Please repeat, exactly and without pictures, the lines of the entries below that run from the one containing "Romantic pair enjoy" through the one containing "Dispozitivul de ridicare".

* **Record set**:
---+---

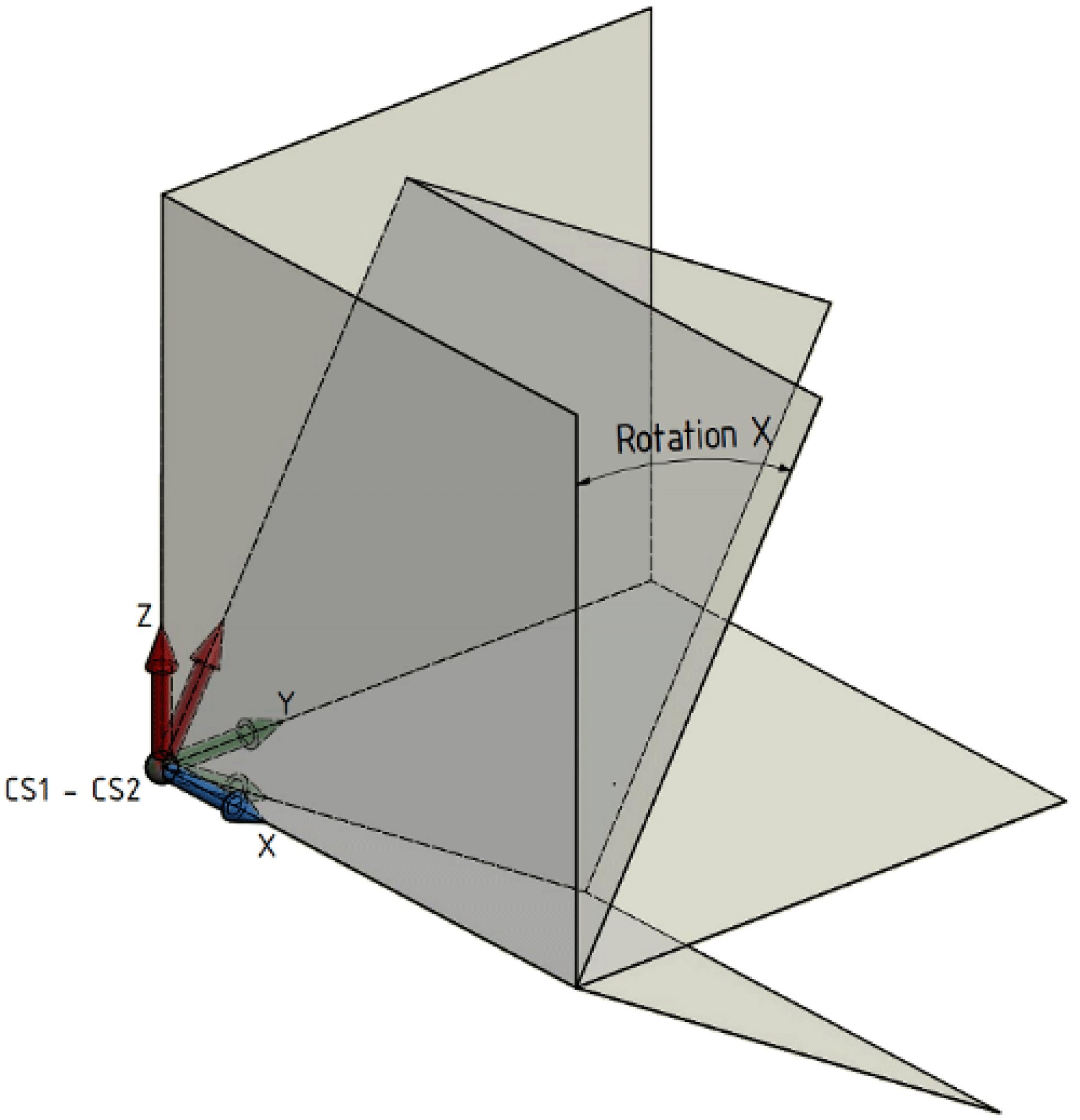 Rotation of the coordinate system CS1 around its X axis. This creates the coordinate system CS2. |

---+---

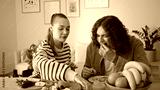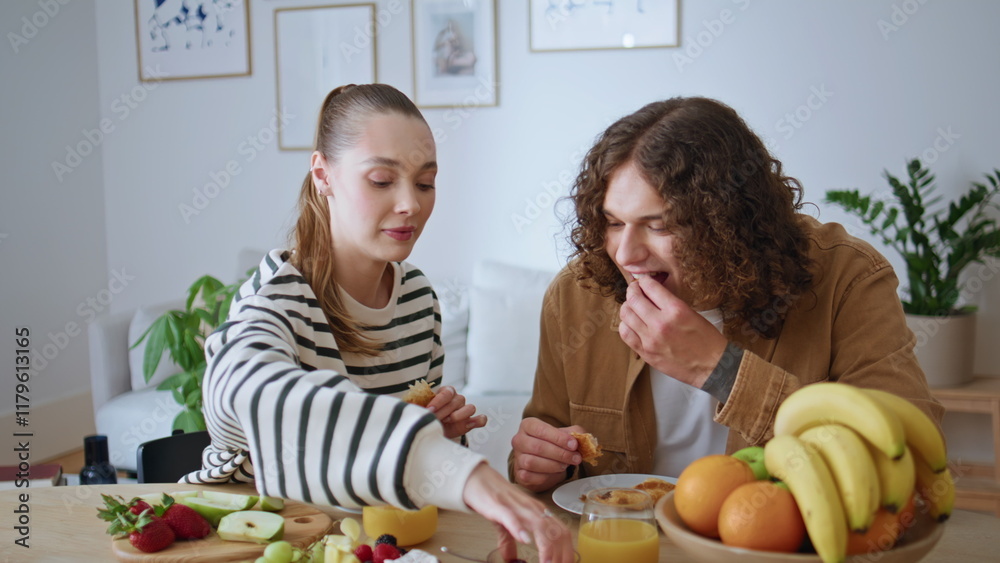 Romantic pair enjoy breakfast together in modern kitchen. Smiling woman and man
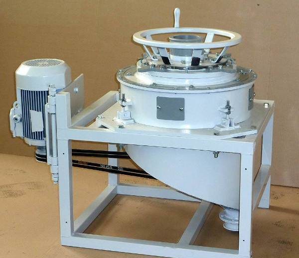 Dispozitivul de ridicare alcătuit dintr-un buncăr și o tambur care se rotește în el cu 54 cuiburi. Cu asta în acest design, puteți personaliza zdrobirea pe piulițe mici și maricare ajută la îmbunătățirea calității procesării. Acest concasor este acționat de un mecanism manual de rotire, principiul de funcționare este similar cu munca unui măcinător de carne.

---+---

* **Output for this exercise**:
 Romantic pair enjoy breakfast together in modern kitchen. Smiling woman and man
 Dispozitivul de ridicare alcătuit dintr-un buncăr și o tambur care se rotește în el cu 54 cuiburi. Cu asta în acest design, puteți personaliza zdrobirea pe piulițe mici și maricare ajută la îmbunătățirea calității procesării. Acest concasor este acționat de un mecanism manual de rotire, principiul de funcționare este similar cu munca unui măcinător de carne.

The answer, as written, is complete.